Tadashi Hanaya (花谷正, Hanaya Tadashi) was a general in the Imperial Japanese Army, commanding Japanese ground forces in Burma during World War II.

==Biography==
Hanaya was born in Katsuta District, Okayama as the son of a village headman. He attended military preparatory schools, and graduated from the 26th class of the Imperial Japanese Army Academy in May 1914 and was initially assigned to the IJA 54th Infantry Regiment. He graduated from the 34th class of the Army Staff College in November 1922.

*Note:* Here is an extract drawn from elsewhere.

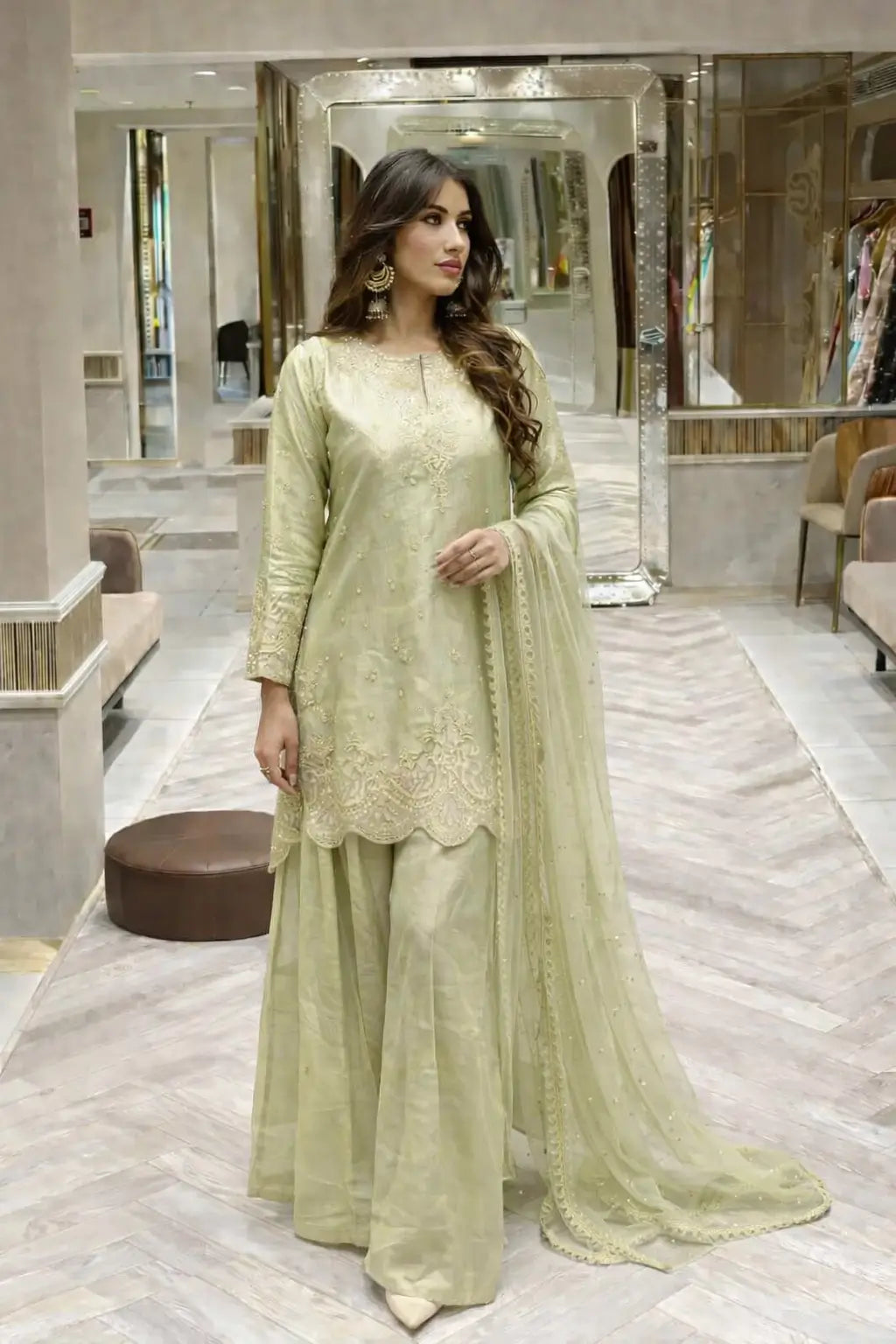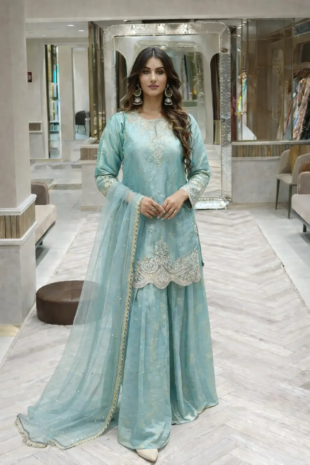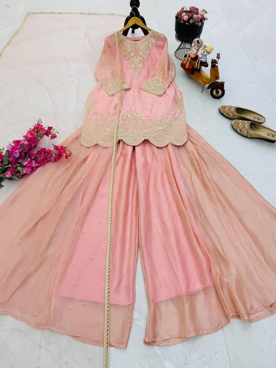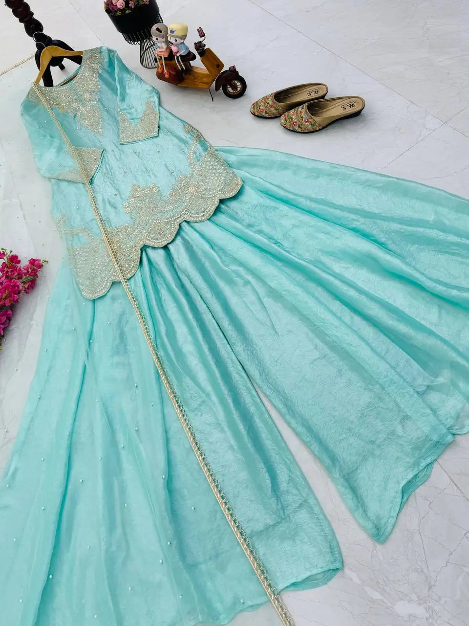 Fandy Silk Embroidered Sequin Diamond Handwork Kurti Palazzo Set with Net Moti Dupatta | Party Festive Wear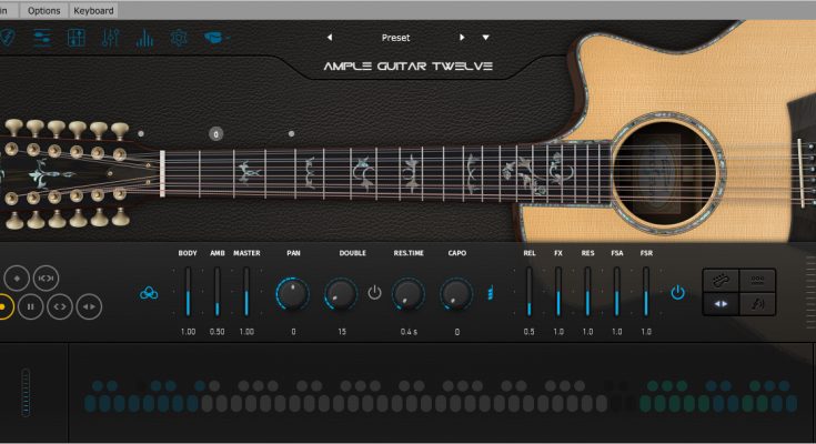 Ample Guitar Twelve III is a virtual acoustic guitar that brings the sound of the Taylor 956 CE 12-string guitar to your studio. Ample Guitar Twelve contains two sample libraries Finger Library and Pick Library with a total volume of over 8 GB.

Hanaya served in the early portion of his career in the Imperial Japanese Army General Staff Office, and was also stationed at Zhengzhou in China under orders from the Kwantung Army. In August 1929, he became a battalion commander with the IJA 37th Infantry Regiment. As a major in 1931, he was assigned to the military intelligence section of the Kwantung Army and served as head of the Mukden Special Operations Office. In this capacity, he was deeply involved in planning the Mukden incident with General Seishiro Itagaki and General Kanji Ishiwara, which led to the subsequent Japanese occupation of Manchuria. Hanaya subsequently commanded a battalion of the IJA 35th Regiment and returned to the staff of the Kwantung Army in 1935, and the Imperial Japanese Army General Staff in 1936. In August 1937, Hanaya was promoted to colonel, and was given command of the IJA 43rd Infantry Regiment. This regiment was involved in combat in Shanghai around the start of the Second Sino-Japanese War. He was appointed head of the Japanese military delegation to Manchukuo in 1939, following the Nomonhan Incident.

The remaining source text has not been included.